ED arrests hawala dealer Naresh Jain in PMLA case worth over Rs 1 lakh crore

New Delhi:

The Enforcement Directorate (ED) has arrested alleged hawala dealer Naresh Jain in a money laundering probe case linked to dubious transactions worth over Rs 1 lakh crore made using over 550 shell firms over the last few years, officials said on Wednesday. They said Jain, 62, has been arrested under sections of the Prevention of Money Laundering Act (PMLA) and a local court in Rohini sent him to nine-day ED custody.

The central probe agency, in a statement issued late Wednesday night, said Jain has been arrested in an “ongoing PMLA investigation into his role in money laundering and international hawala transactions”. Hawala denotes to the illegal transfer of funds by skirting banking channels.

A maze of 554 shell or dubious firms, at least 940 suspect bank accounts and fund transfers of over Rs 1.07 lakh crore are under the scanner of the agency in this probe, touted to be one of the biggest hawala and trade-based money-laundering cases of the country. Under the ED’s probe scanner are some “big corporates and a large foreign exchange company”, official sources said.

The ED said, “Jain with his accomplices hatched a criminal conspiracy to forge and fabricate documents in order to cause loss to the government exchequer by indulging in illegal foreign exchange transactions.” “Documents like identity proof, birth and education certificates, voter IDs, PAN cards and signatures were forged and fabricated to incorporate entities, operate bank accounts, facilitate bogus, over-invoiced, under-invoiced import and export transactions and rotation of funds through a web of shell companies to cause undue benefit to the parties involved and loss to the government exchequer,” it said. Jain, the statement added, also “facilitated parking of funds abroad by Indian nationals through his international hawala transaction structure created in India and in various other jurisdictions”.

The agency is probing Jain and his associates as part of two money laundering cases that are based on a Delhi Police economic offences wing (EOW) FIR of 2018 and a criminal complaint of the Narcotics Control Bureau (NCB), 2009. Jain has been arrested by the ED in 2009 in the PMLA case emerging from the NCB case in December, 2009.
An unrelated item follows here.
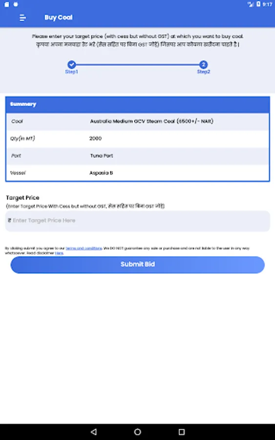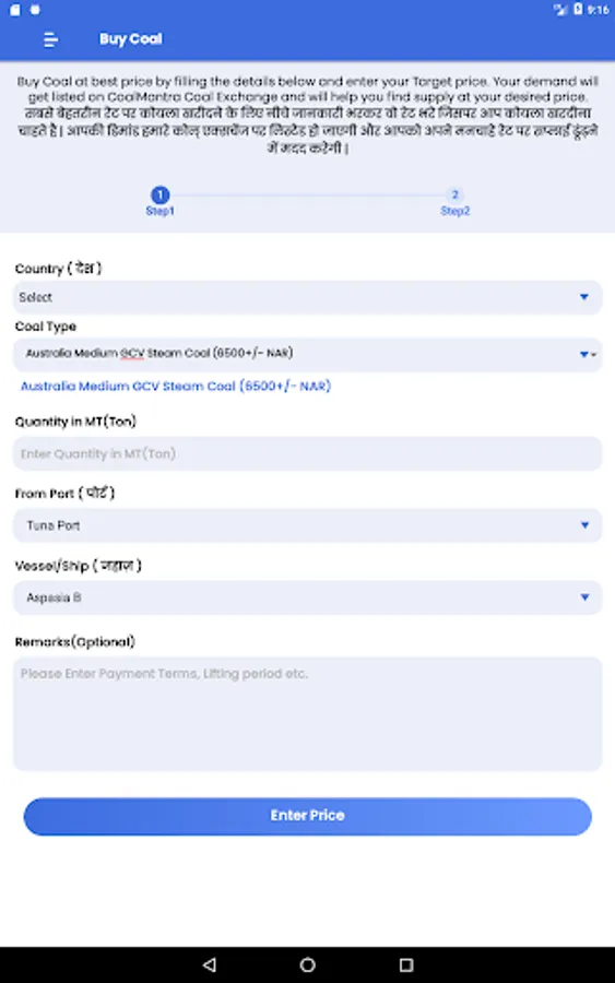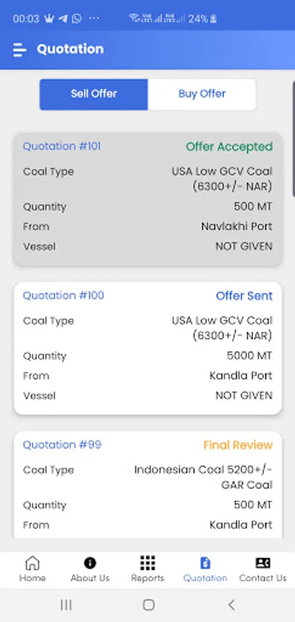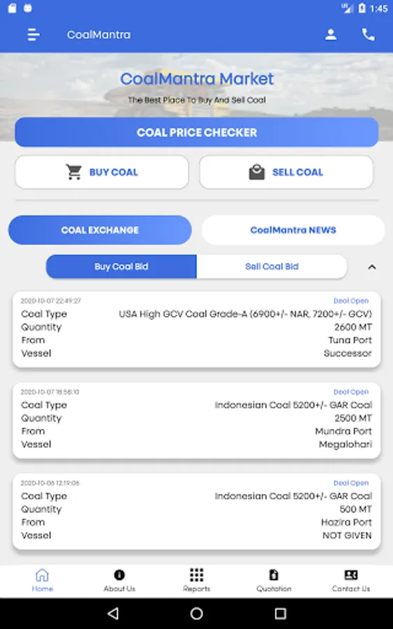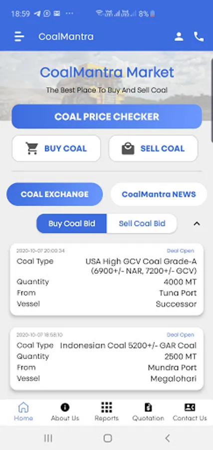 3. 'Coal Quotations' can be responded and deals can be finalized on the app itself.

The latest arrest of the Delhi-based businessman is in connection with the police EOW FIR filed on charges of cheating, forgery and criminal conspiracy that was registered on the basis of a complaint sent by the ED to it. After the PMLA case was booked on the basis of EOW FIR, the ED had searched Jain and his associates’ premises in Rohini and Vikaspuri areas of the national capital and seized “14 digital keys for operating foreign bank accounts” which were used to perform telegraphic transfers, documents related to operalisation of alleged shell firms, pen drives, hard drives among others, officials said.

The agency, as per officials, is probing as many as 337 foreign bank accounts in countries like Dubai, Hong Kong and Singapore. It was found, the ED officials said, that cash taken in India was “sent to the foreign bank accounts through fictitious tours and travel firms and telegraphic transfers were done subsequently to foreign beneficiaries.” The agency, sources said, has identified about 970 beneficiaries to whom about Rs 18,680 crore alleged dubious funds have been transferred till now.

“It has been revealed that Jain has done hawala operation of about Rs 11,800 crore in 114 foreign bank accounts” “Also, 450 shell companies have been used to rotate funds to the tune of about Rs 96,000 crore for providing accommodation (hawala) entries of estimated Rs 18,680 crore to more than 970 beneficiaries,” the ED said in the statement. Jain has been under the scanner of probe agencies for long and in 2016, the ED had slapped a Rs 1,200-crore notice on him for alleged contravention of the forex law.

According to the agencies, Jain has allegedly laundered and routed hawala funds, allegedly financed contraband networks in the past and this was the reason he was also arrested by the NCB earlier. The serious organised crime agency (SOCA) of the UK also gave a report on Jain and his associates’ alleged money laundering activities to India in 2009 when he was based in Dubai.

Dubai Police had also arrested him with nine others in February, 2007 on charges of similar crimes and he later got bail. Agency officials said Jain fled from Dubai in 2009 and he had two Interpol-issued global arrest warrants against him at that time.